PROBLEM TO SOLVE —
Pictures in the entries below are to be left out; otherwise, reproduce exactly the lines from the first through the line containing "Vuoden vaihteen yöni".

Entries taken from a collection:
◇ ◇ ◇ ◇ ◇

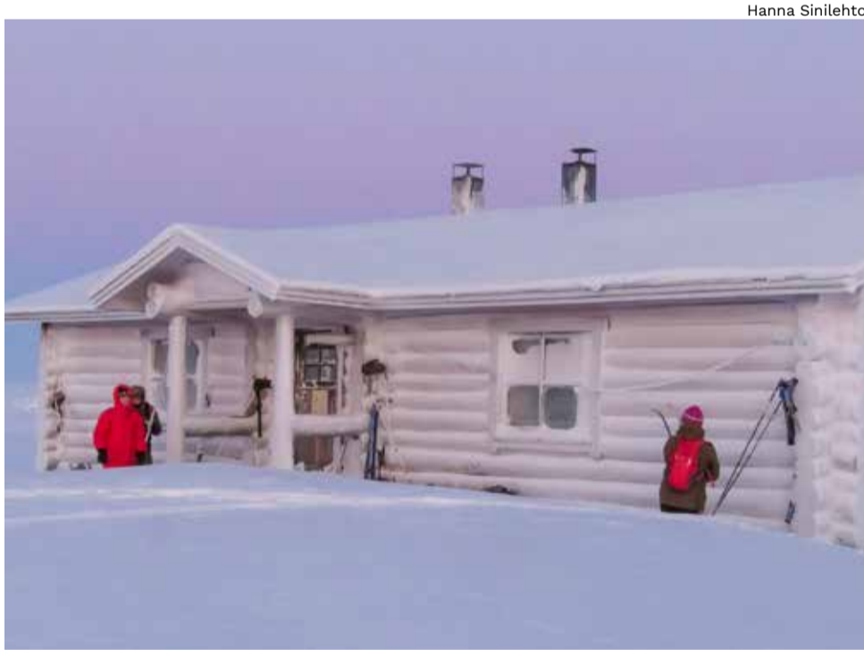
Kuuran peittämä Pöyrisjärven kämppä.

Vuoden vaihteen yöni jälkeen oli korjaussuunnitelma kirkastunut, ja alumiiniset telttakiilat työstettiin levyiksi, jotka pitivätkin suksen kasassa. Kirkkaassa päivänvalossa teimme tiedusteluretken seuraavaa päivää varten ja juhlimme alka-
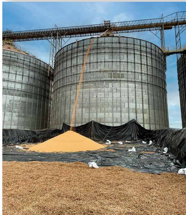
Exemplo de silo-piscina construído em Arapuã (PR)

“Hoje, o custo de construção de um armazém gira em torno de R$ 1.200 a R$ 1.500 por tonelada estática. Com R$ 50 milhões, dá para construir um armazém para 35 mil a 40 mil toneladas. Porém, isso ainda está aquém das 9 milhões de toneladas em déficit das cooperativas ou dos 15 milhões do Paraná, mesmo que várias cooperativas invistam em armazenamento”, analisa Turra. ■
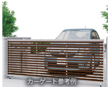
カーゲート参考例
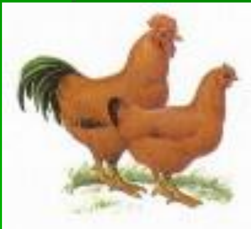
Нью – Гемпшир.
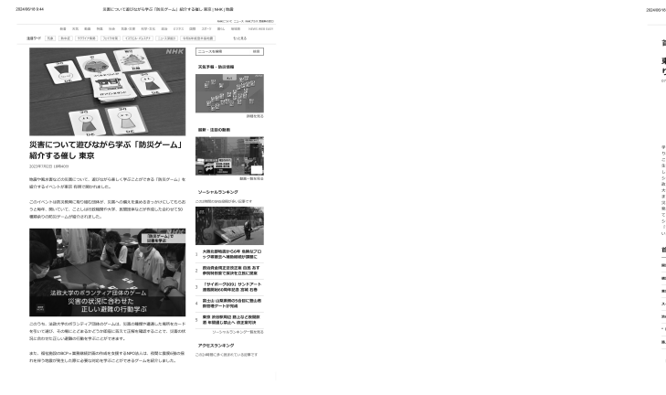
※② 災害について遊びながら学ぶ「防災ゲーム」紹介する 催し 東京
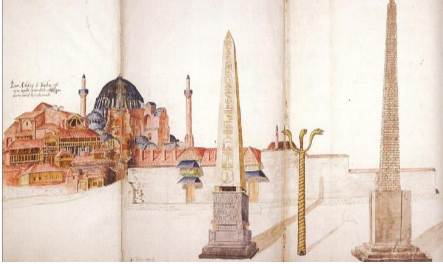
Resim 4: Hipodrom (Lambert de Vos'a atfedilen eser XVI. yy.)

İstanbul'un fethiyle Osmanlı yönetim merkezi hâline gelen İstanbul'u ziyarete gelen Tournefort, hipodromu řu sözlerle anlatır: İmparator Severus zamanında yapımının başlatıldığı ancak Constantinus döneminde tamamlanabilen, boyu dört yüz genişliği yüz adımdan oluşan bir alan olduğunu, gösterilerin ve at yarışlarının burada yapıldığını Türklerin ismini kendi dillerine çevirdiğini dile getirmiştir (Tournefort, 2013, s. 40).
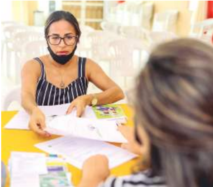
Moradores da Santa Inês vão receber título definitivo de terras

definitivo não tem custos para o beneficiário. Com o documento, o cidadão poderá ir ao cartório para fazer o registro e ter a matrícula do imóvel.
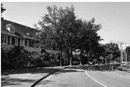
98 Äussere Baselstrasse
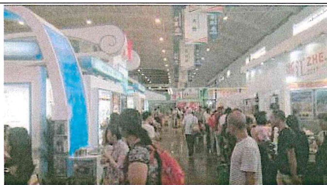
2017 南亞博覽會-中國國內館
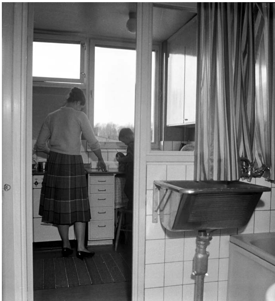
Experimentlägenhet i Baronbackarna, 1960-tal.
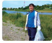
相模川美化キャンペーンに参加。
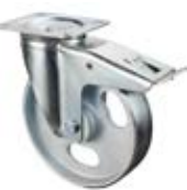
Transportní kola C80
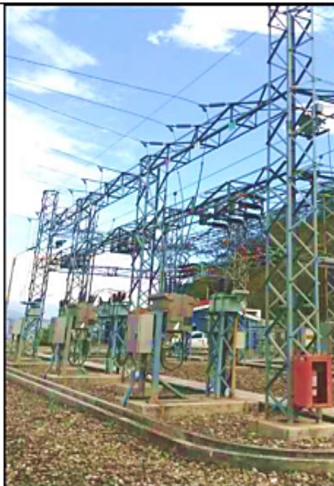
Equipamiento 22,9 kV
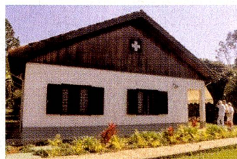
O acolhedor Retiro Suíço

No caso de pacientes em convalescença, o Retiro também é disponível para estadia temporária. Há vagas disponíveis e se desejar maiores informações, visite no site www.beneficencia-suica.com.br ou entre em contato pelo telefone: 11 / 5071-2910.
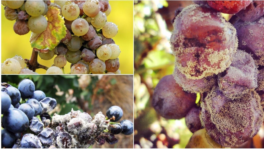
Slika 5. Siva plijesan vinove loze
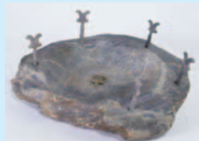
▲上赤塚1号墳(千葉市)出土の石枕
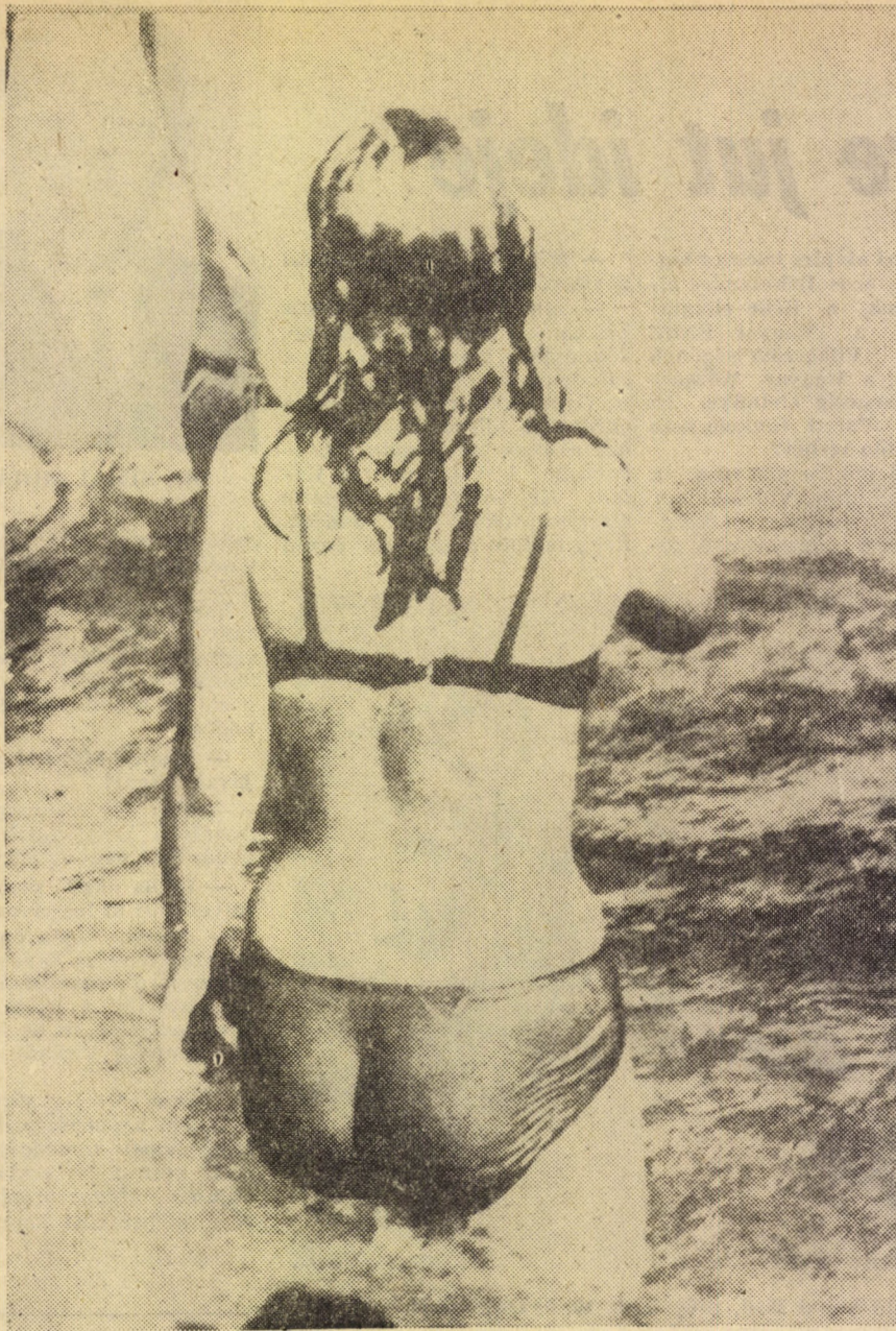
SZEPTEMBERBEN — MAJD JÖVÖK...
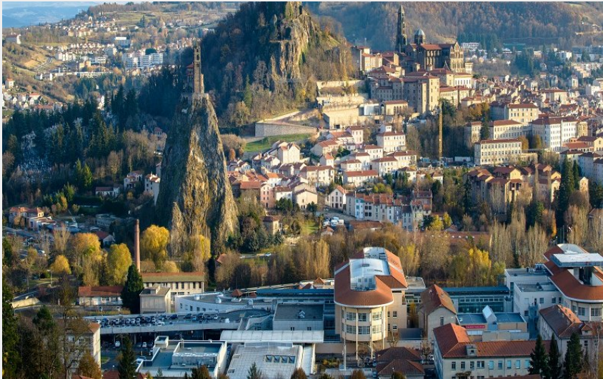
Vue sur Le Puy-en-Velay (Jérémy Mazet)
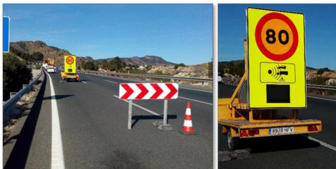
Radar informativo en cortes de carril
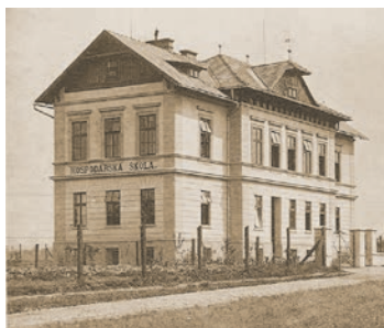
Hospodářská škola na snímku z roku 1904. Dnes je v této budově v Jungmannově ulici domov mládeže Střední lesnické školy.
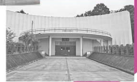
▲世界無名戦士之墓
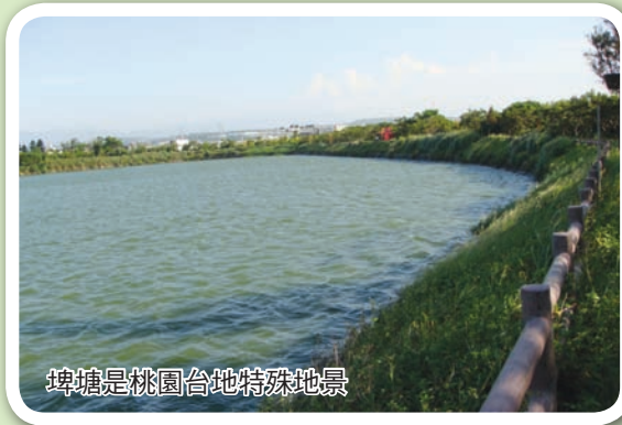
埤塘是桃園台地特殊地景

◇ ◇ ◇ ◇ ◇

RESPONSE —
Kuuran peittämä Pöyrisjärven kämppä.

Vuoden vaihteen yöni jälkeen oli korjaussuunnitelma kirkastunut, ja alumiiniset telttakiilat työstettiin levyiksi, jotka pitivätkin suksen kasassa. Kirkkaassa päivänvalossa teimme tiedusteluretken seuraavaa päivää varten ja juhlimme alka-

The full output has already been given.